The center aims to promote and support career opportunities for communities of color.
By Allison Joyner
Last week, Apple, along with regional energy utility Southern Company announced a partnership to build a first-of-its-kind global innovation and learning hub for Historically Black Colleges and Universities (HBCUs) at the Atlanta University Center.
Dubbed the Propel Center, the facility is designed to support the next generation of diverse leaders providing innovative curricula, technological support, career opportunities and fellowship programs.
Tim Cook, the CEO of Apple, said the center is part of several projects that make up the company’s Racial Equity and Justice Initiative. The program’s goal is to help dismantle systemic barriers to opportunity and combat injustices faced by communities of color.
Inspired by the public calls for justice after the deaths of George Floyd and Breonna Taylor as well as the unrest caused by the local slayings of Brunswick’s Ahmaud Arbery and Rayshard Brooks in Southeast Atlanta, Cook’s goal for the initiative is to advance racial equity in education, the economy and the criminal justice system.
When interviewed by Gayle King on CBS This Morning, Cook said, “When you either experience those sort of things or read about those things and then apply them to what you’re seeing today.” He continued “there was systemic racism, there is systemic racism and it’s not going to go away unless we do something about it.”
Both Apple, and Southern Company, will invest $25 million each to build the Propel Center at the Atlanta University Center (AUC) in the heart of the West End. The presidents of the AUC, which is home to several HBCUs including Morehouse College, Clark Atlanta University and Spelman College, have expressed excitement for their students to benefit from the curriculum the Propel Center will provide including agricultural technologies, social justice, entertainment arts, app development, augmented reality and career preparation.
“Propel represents the most inclusive, game-changing and collaborative partnership that I have witnessed within my seventeen years as both college and university president,” Dr. George French, president of Clark Atlanta and chair of the Atlanta University Center Consortium Council of Presidents said in a statement.
Spelman College President, Dr.

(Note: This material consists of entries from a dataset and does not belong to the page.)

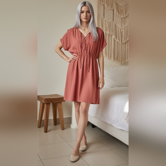 Stylish rust midi dress. Features a lace-up neckline. Comfortable and chic design.
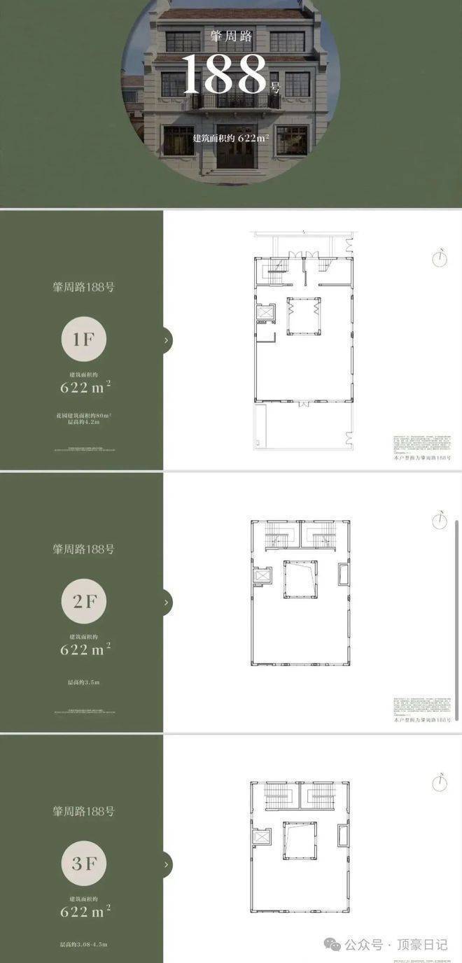 别墅面积391-622平方米,地上三层搭配地下空间,适合高端会所或重餐饮。
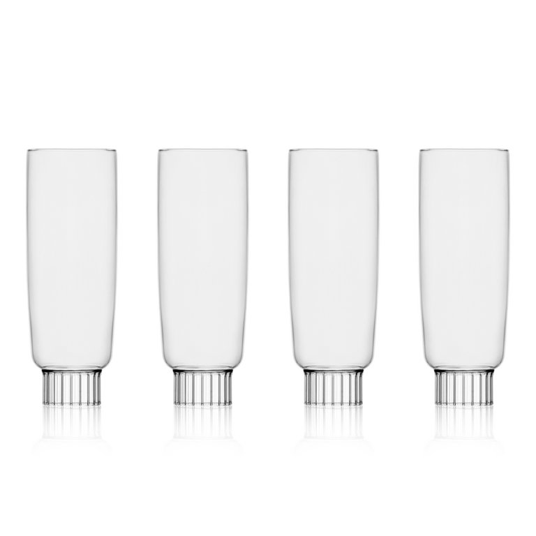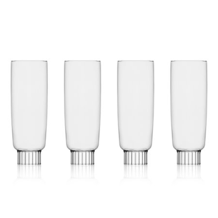 We could have called this the unique bunch but, really, they’re all stemless options with good details. Low bases with a fun factor abound from Sprezz, Iittala, and even Wayfair. There’s a touch of color from designer Nason Moretti and Kartell, and handcrafted recycled-glass flutes made in Morocco.
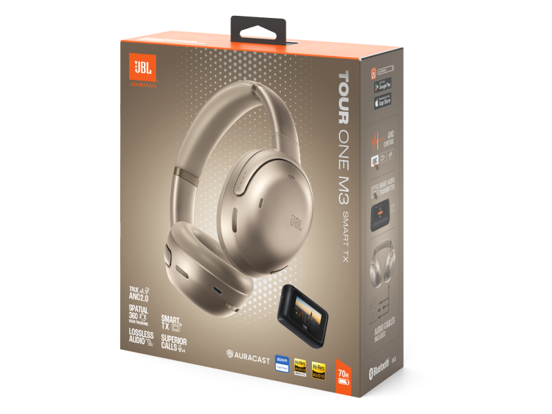Get ready for the JBL Tour One M3 Smart Tx, our best-sounding and most feature-rich over-ear headphones ever. Lose yourself in lossless audio from the built-in DAC. Or go wireless with stunning Hi-Res Audio via Bluetooth®. JBL Spatial 360 sound with integrated head tracking makes movies and mobile games even more immersive. True Adaptive Noise Cancelling 2.0 tunes out distracting ambient noise in real-time, so you can concentrate on your work—or your favorite playlist. Use the JBL Smart Tx universal Bluetooth® Audio Transmitter to elevate your wireless sound experience and connect to in-flight and other public spaces entertainment systems and seamlessly stream from Bluetooth® devices. Customize and control your sound through the JBL Headphones app, accessible from the JBL Smart Tx display and share audio via the advanced Auracast™ connection with other Auracast™-enabled devices.

Mary Schmidt Campbell, also released a statement expressing excitement about the new resources that will be available to the college.
Morehouse’s President, Dr. David Thomas, also shared French and Schmidt Campbell’s shared enthusiasm for the Propel Center moving to the AUC. “It effectively advances our mission to prepare students as global leaders and position them in the forefront of technological innovation and community empowerment,” he said in the school’s press release.
In 2018, The U.S. Equal Employment Opportunity Commission reported that African Americans make up 7.4 percent of those employed in the tech industry. With the purpose of the Propel Center to partner with HBCUs on helping students excel in this field, Apple’s vice president of Environment, Policy and Social Initiatives, Lisa Jackson, hopes to change that.
“Every individual deserves equal access to opportunity regardless of skin color or zip code,” Jackson said in a statement. To further this access, Jackson will help provide innovation grants to colleges of engineering at HBCUs like Clark Atlanta while helping students interact with Apple’s experts.
“We know more must be done,” Thomas Fanning, chairman, president and CEO of Southern Company, announced. “The establishment of the Propel Center is another important demonstration of Southern Company fulfilling our commitment to move our communities to a more equitable future.”
While there’s no definitive word yet on when or where ground will break for the new center, Saporta Report will keep you up-to-date on the latest developments.